Other improvements include:

  • Support for multiple consumers.
  • Browser support for decoding, including mobile browsers.
  • Support for broadcasting over the internet (not currently implemented, but planned).

It's not all roses, though. Currently, just the Vulkan backend is supported for remote streaming but the remote interface is API-agnostic, and I plan to add Metal support soon. This shouldn't be much of a problem because almost all of the platforms have Vulkan support. The main disadvantage is that WebRTC requires a central server to coordinate the initial handshake until direct data channels are established. To solve this, I'm planning to host a free-to-use gateway available via the CyberEther website. It will also host a viewer that will connect to any locally accessible CyberEther instance with the remote feature activated. I also plan to release a standalone Type Script library that manages the WebRTC connection and the user interaction events so users can create their own implementations.

How It Works

CyberEther Remote control interface.
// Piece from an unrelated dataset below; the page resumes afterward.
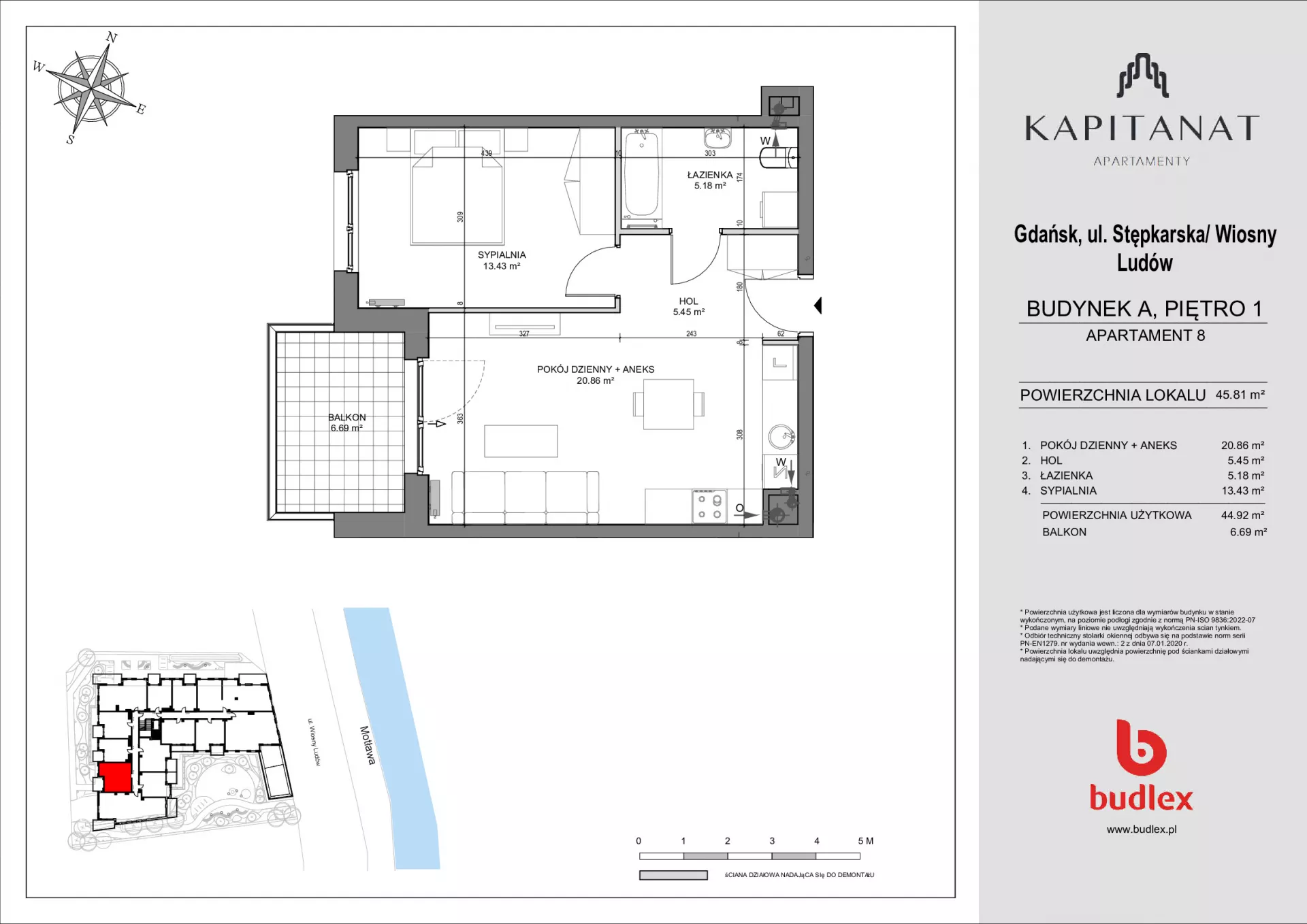 Udogodnienia: winda, wysoki standard wykończenia, komórki lokatorskie, tereny zielone wokół budynku, plac zabaw dla dzieci, blisko centrum i komunikacji miejskiej; w pobliżu znajduje się Promenada, tramwaj wodny na rzece Motława, Muzeum II Wojny Światowej, restauracje, sklepy spożywcze i punkty usługowe Przynależności: taras, balkon Bezpieczeństwo: drzwi antywłamaniowe, wideodomofon, monitoring Wielkość Projektu: 51 mieszkań Garaże: Na terenie inwestycji powstanie 51 miejsc parkingowych Komunikacja: autobus 550 m; tramwaj 1,6 km; Dworzec Główny PKP 2,2 km Odległość od Centrum: 2,2 km

It also can be controlled via the command line in headless deployments.

As you may know, CyberEther uses low-level graphics APIs such as Vulkan, Metal, and WebGPU to render the interface. This unshackles it from common limitations like large binary files and inability to squeeze the last drop of performance from the hardware.

In this context, it allows me to directly copy the framebuffer used to render the interface and encode it with standard GStreamer code. It also allows CyberEther to run on systems without a graphical interface (no GNOME, Plasma, etc) by creating headless surfaces directly on the graphics card. After GStreamer acquires the uncompressed interface frame, it uses standard software video encoders to create a video stream, then uses the default WebRTC sink to send the video to the consumer.

Telemetry such as mouse and keyboard events travels bidirectionally between consumer and producer using a data channel. On the consumer side, user interface events are encoded into a protocol and sent to the producer, where they're unpacked and injected into CyberEther's event queue.

The WebRTC process follows a room-based model with an approval workflow. When a client wants to establish a connection, it first requests the creation of a new room. The system generates a unique room identifier along with two authentication tokens: a producer token for the host/broadcaster and a consumer token for viewers. The response also provides the signaling server URL and client domain needed for the WebRTC handshake.

New connection requests are placed in a wait list, where they await approval from the producer. The producer, authenticated via their token, can view pending sessions, approve them to grant access, or list currently active sessions. The system enforces a maximum of 8 concurrent sessions per room to manage resources. The producer retains full control and can destroy the entire room when finished, disconnecting all participants. This approval-based architecture gives the host explicit control over who can join their WebRTC stream, rather than allowing open access.

The protocol used by the endpoint, producer, and consumer.

What's Next

CyberEther Remote lets you run heavy signal processing on a headless server close to your sensor, encode the rendered interface as video, and stream it anywhere with minimal latency. The new WebRTC-based implementation fixes the networking headaches of the original version, works in any browser, and doesn't require CyberEther on the client side.

I'm just finishing up the implementation and making sure everything looks good on the endpoint before launching CyberEther Remote publicly in Version 1.0, coming in the next couple of months!